PROJECT X / CERT: UNRATED / DIRECTOR: WILLIAM CASTLE / SCREENPLAY: EDMUND MORRIS / STARRING: CHRISTOPHER GEORGE, GRETA BALDWIN, HENRY JONES / RELEASE DATE: OUT NOW
William Castle’s reputation as a genre icon and all-round horror maestro is unquestionable. Yet films like Project X call to mind a whole other element of Castle’s career: his innate ambition. Consider Castle’s theatre tricks – the skeletons on wires hurled through screenings of House on Haunted Hill, the electric shock-chairs for The Tingler – and you see a man mischievously passionate about that bang-for-buck filmmaking ethic. It makes sense then, that in one of his final directorial efforts, he would try for something truly special.
Christopher George stars as Hagan Arnold, a secret agent frozen after almost dying in a plane crash on the way home from his latest mission. Before crashing, Arnold messaged his superiors to inform them Sino Asia (an East Asian conglomerate constantly at war with the West) had a new deadly weapon. With time of the essence, a crack squad of scientists revive the agent and attempt to extract the information which has been buried deep in his subconscious.
1968 was one of the biggest years in sci-fi cinema history. Planet of the Apes shocked and enthralled audiences the world over, and Kubrick’s 2001 blew the doors off expectation of what a sci-fi film could be. While not nearly as accomplished as those films, Castle’s Project X is arguably the most ambitious, forward-thinking, daring piece of film he ever accomplished. It certainly didn’t deserve to be relegated to the B-side of a double bill with Barbarella.
One of the things that stands out is the amount of cool concepts at work. Cryogenics, false memory, artificial personalities… it’s crammed with intriguing ideas. Not least that in order to delicately retrieve Hagen’s memories, the scientists engineer a “Matrix” of the 60s (Hagen used to be a lecturer on 60s culture) in which to play out a ‘cops and robbers’ scenario they hope will help him discover the information himself. So it’s a snapshot of the 60s inside a snapshot of a future where crime and violence haven’t been seen for generations. In this way, Project X feels a lot deeper than many of Castle’s other films – it speaks to the times and does so scathingly. It’s also a nice contrast to the tongue-in-cheek spy films of the swinging 60s.

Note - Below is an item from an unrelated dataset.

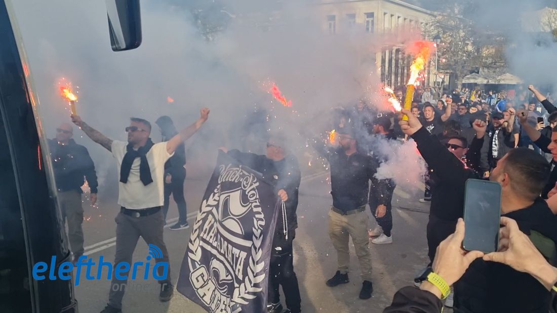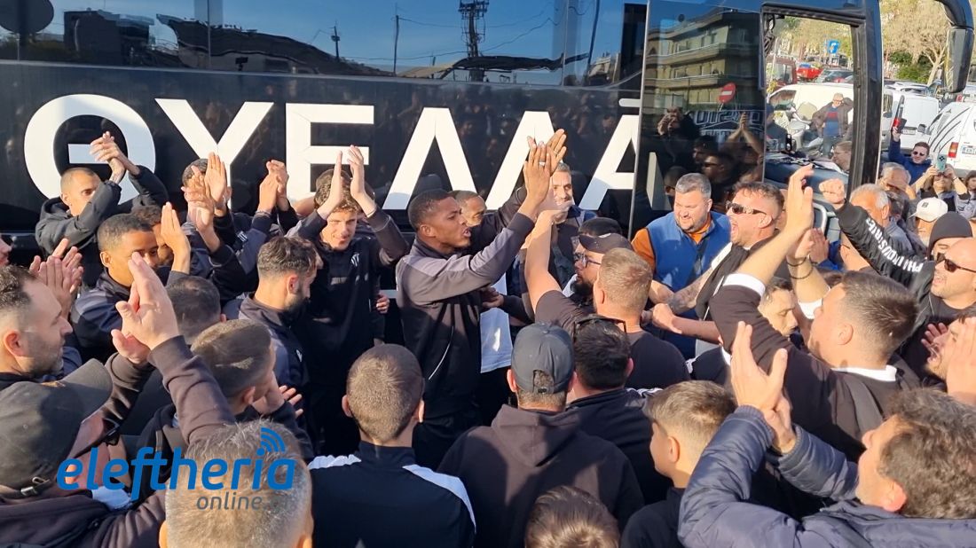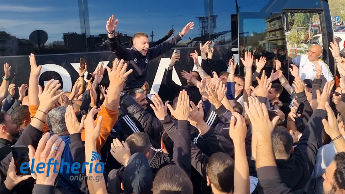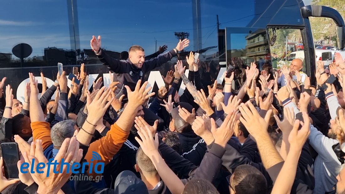 Λίγο μετά τις 6 το απόγευμα εκατοντάδες φίλαθλοι περίμεναν το πούλμαν της ομάδας στην πλατεία Οθωνος και με την άφιξη της αποστολής η περιοχή μετατράπηκε σε... εξέδρα.

Aside from being a great sci-fi / crime caper, it’s a gorgeous cult experience. Whenever Hagen has a flashback to his ordeal in Sino Asia, the film takes a trippy turn. Psychedelics were hardly rare in the 60s, but the way in which Castle uses them to cover up the more ambitious or badly executed sci-fi landscapes is stunning. Cartoon titan Hanna-Barbera (the folks who gave us Scooby-Doo) were drafted in to create the psychedelic sequences and did a fantastic job. Luridly coloured, bizarre, trippy, extravagant, and frankly gorgeous, it’s sequences like these, along with the high-concept sci-fi, which make Project X a surprise treat from a master of the craft at the end of his life.